Consider the relation $\mathcal{R} \subseteq \{1, 2, 3\}^2$ where

$$\mathcal{R} = \{(1, 1), (1, 2), (2, 2), (2, 3), (3, 3), (1, 3)\}$$

Because $(1, 2) \in \mathcal{R}$ and $(2, 3) \in \mathcal{R}$, in order for $\mathcal{R}$ to be transitive, it would have to include $(1, 3)$ as well, which it does.

Using the definition of transitive, we see that

\[ \begin{align*} (1\ \mathcal{R}\ 2) \land (2\ \mathcal{R}\ 3) \rightarrow (1\ \mathcal{R}\ 3) &= 1 \land 1 \rightarrow 1 \\ &= 1 \rightarrow 1 \\ &= 1 \end{align*} \]

But of course, the definition of transitive says that the implication must be true for all triples $a, b, c$ taken from $\{1, 2, 3\}$. There will be quite a few implications to check, so we’ll organize everything into another modified truth table:

a b c $a\ \mathcal{R}\ b$ $b\ \mathcal{R}\ c$ $(a\ \mathcal{R}\ b) \land (b\ \mathcal{R}\ c)$ $a\ \mathcal{R}\ c$ $(a\ \mathcal{R}\ b) \land (b\ \mathcal{R}\ c) \rightarrow (a\ \mathcal{R}\ c)$
1 1 1 1 1 1 1 1
1 1 2 1 1 1 1 1
1 1 3 1 1 1 1 1
1 2 1 1 0 0 1 1
1 2 2 1 1 1 1 1
1 2 3 1 1 1 1 1
1 3 1 1 0 0 1 1
1 3 2 1 0 0 1 1
1 3 3 1 1 1 1 1
2 1 1 0 1 0 0 1
2 1 2 0 1 0 1 1
2 1 3 0 1 0 1 1
2 2 1 1 0 0 0 1
2 2 2 1 1 1 1 1
2 2 3 1 1 1 1 1
2 3 1 1 0 0 0 1
2 3 2 1 0 0 1 1
2 3 3 1 1 1 1 1
3 1 1 0 1 0 0 1
3 1 2 0 1 0 0 1
3 1 3 0 1 0 1 1
3 2 1 0 0 0 0 1
3 2 2 0 1 0 0 1
3 2 3 0 1 0 1 1
3 3 1 1 0 0 0 1
3 3 2 1 0 0 0 1
3 3 3 1 1 1 1 1

Since the last column is all 1s, we now know that $\mathcal{R}$ is transitive on $\{1, 2, 3\}$.

As demonstrated in Example 5.6.12, even with a set as small as $\{1, 2, 3\}$, it can take a bit of work to verify that any relation defined on $\{1, 2, 3\}^2$ is transitive.

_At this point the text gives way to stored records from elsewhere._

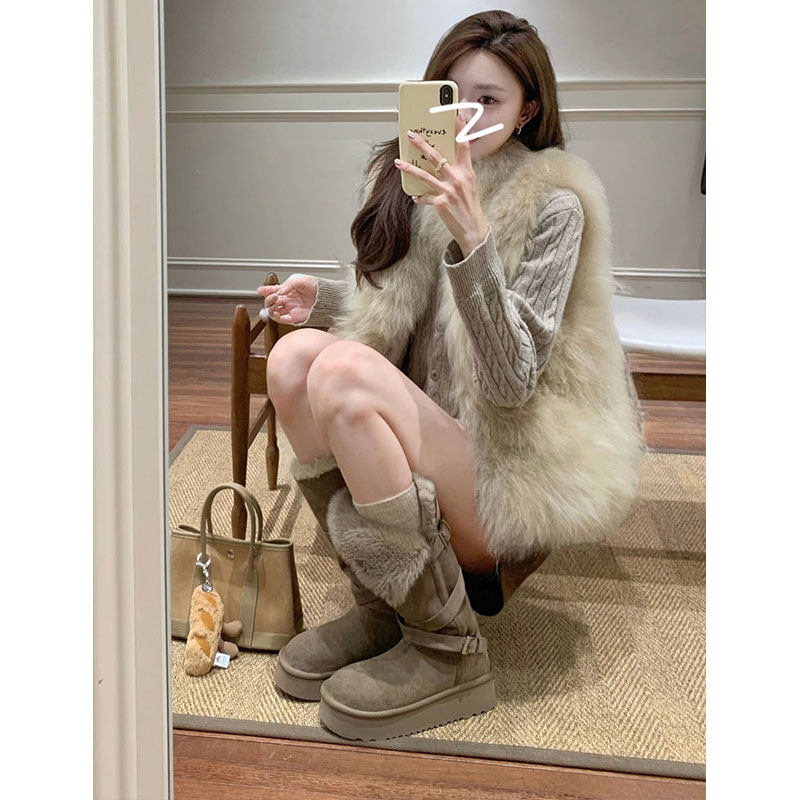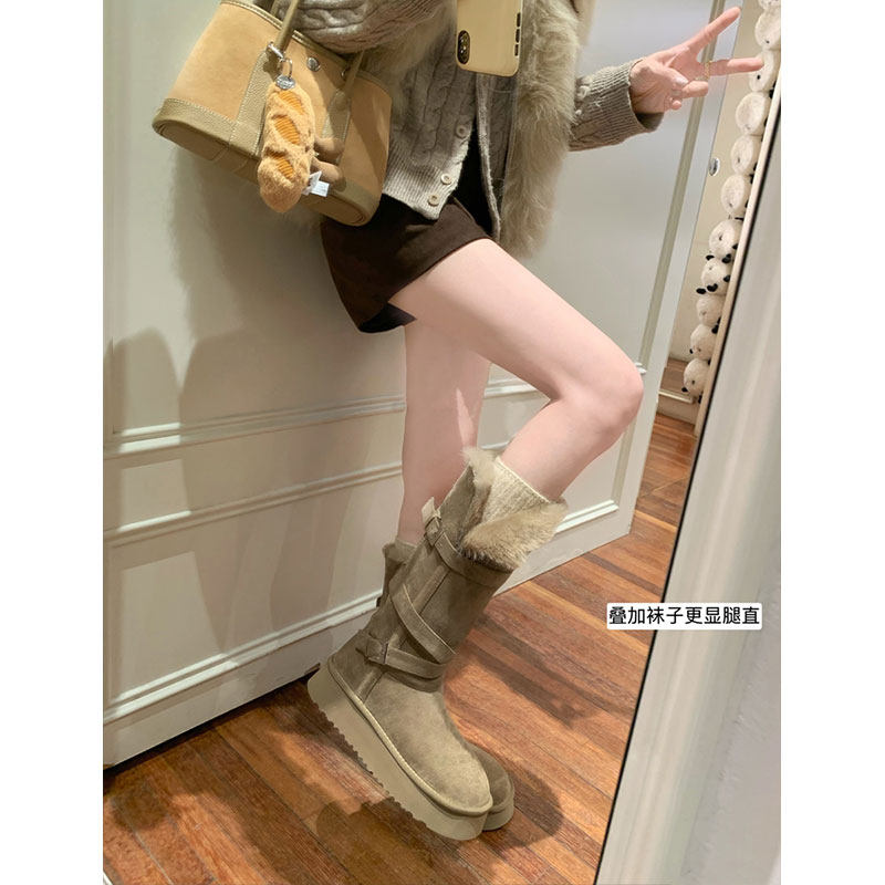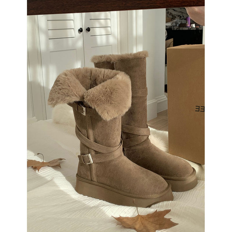 Chio2nd南风 雪地靴棉鞋2024新款冬季女士厚底加绒皮毛一体鞋子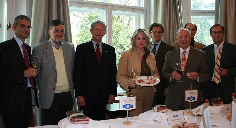 Im Bild 1 v.l.n.r.: Paul Zandanel (Marketingleiter der EOS/Handelskammer Bozen), Franz Blaas (Betreuung & Beratung der Bergbauern in Bezug auf die Schweinezucht/Dienststelle Bergbauernberatung, Abt. 22 der Autonomen Provinz Bozen), Hans Berger (Landesrat für Landwirtschaft der Autonomen Provinz Bozen), Christine Mayr (Präsidentin der Sommeliervereinigung Südtirol), Franz Mitterrutzner (Geschäftsführer des Consortiums Südtiroler Speck), Benedikt Gramm (Präsident der EOS der Handelskammer Bozen), Markus Gasser (Vizepräsident des Consortiums Südtiroler Speck) und Werner Frick (Landesrat für Handwerk, Industrie und Handel der Autonomen Provinz Bozen)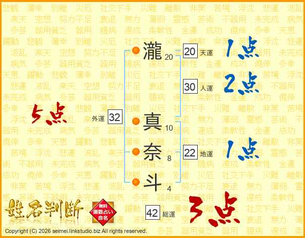 瀧真奈斗さんの外運は32画の5点!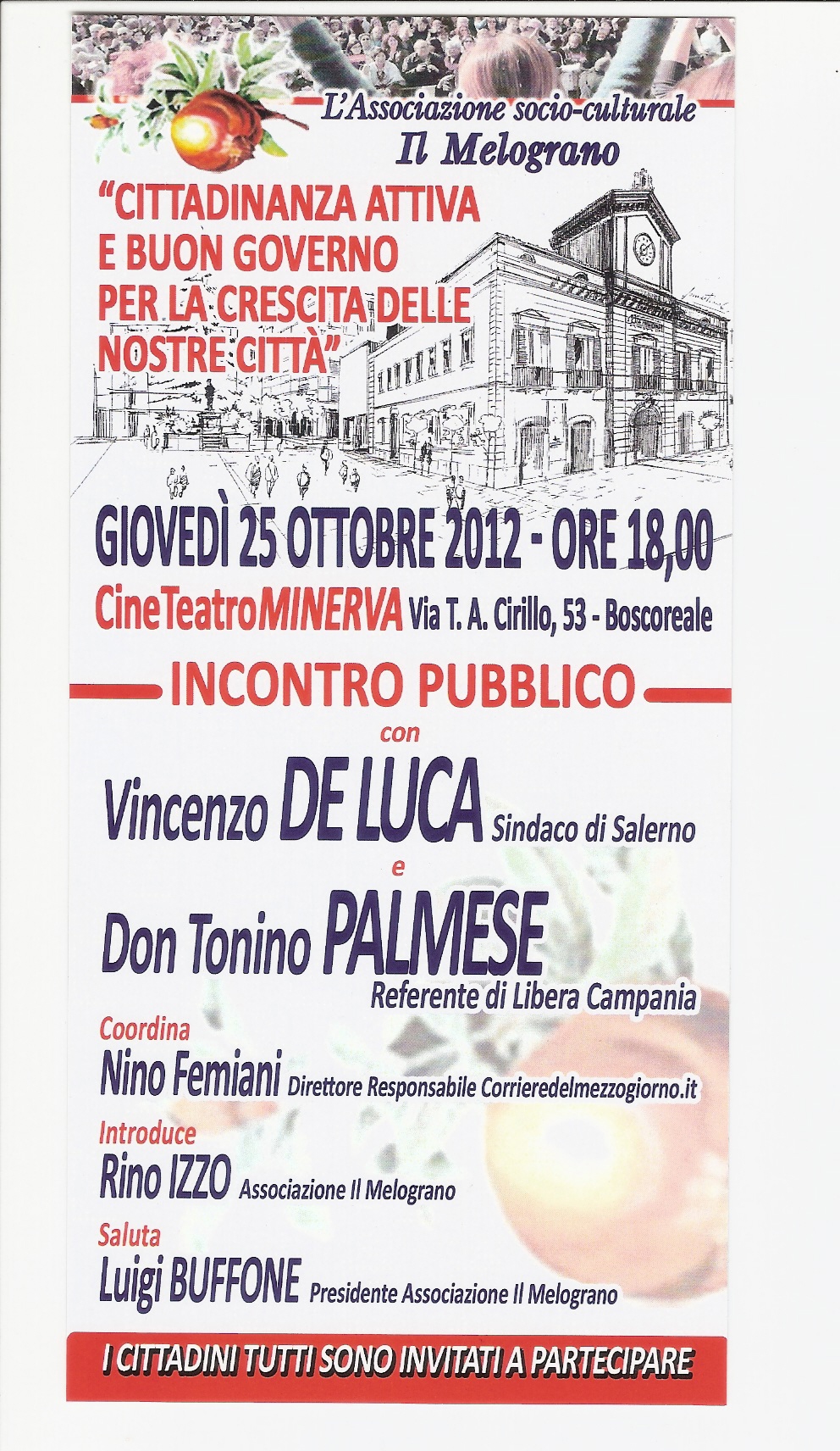 Alle ore 18 presso il Cineteatro Minerva a Boscoreale si terrà un incontro pubblico moderato da Nino Femiani, Direttore Responsabile del Corriere del Mezzogiorno e da Vincenzo de Luca, sindaco di Salerno. Inoltre prenderà parola Don Tonino Palmese, referente di Libera in Campania, l’associazione nata nel 1995 con l’intento di sollecitare i cittadini a lottare contro le mafie e promuovere la legalità e la giustizia.

Sometimes, it may be easier to try and find a triple of elements $a, b, c$ that prove a relation is not transitive.

Example 5.6.13

Consider the relation $\mathcal{R} \subseteq \{1, 2, 3, 4\}^2$ where

$$\mathcal{R} = \{(1, 2), (2, 3), (3, 4), (2, 4), (4, 1), (3, 1), (1, 3) , (4, 2)\}$$

We see that since $(1, 2), (2, 3), (1, 3) \in \mathcal{R}$, transitivity is not violated. However, we may notice that $(3, 1), (1, 3) \in \mathcal{R}$, but $(3, 3) \notin \mathcal{R}$, meaning transitivity is violated.

This is enough to demonstrate that $\mathcal{R}$ is not transitive on $\{1, 2, 3, 4\}$.

We didn’t use a 0-1 table to verify transitivity because there is no obvious pattern for transitivity. You essentially have to check corresponding entries to ensure transitivity is upheld or violated. Later in this book, we’ll discuss a way to quickly tell, but it involves operating on the table in a special way.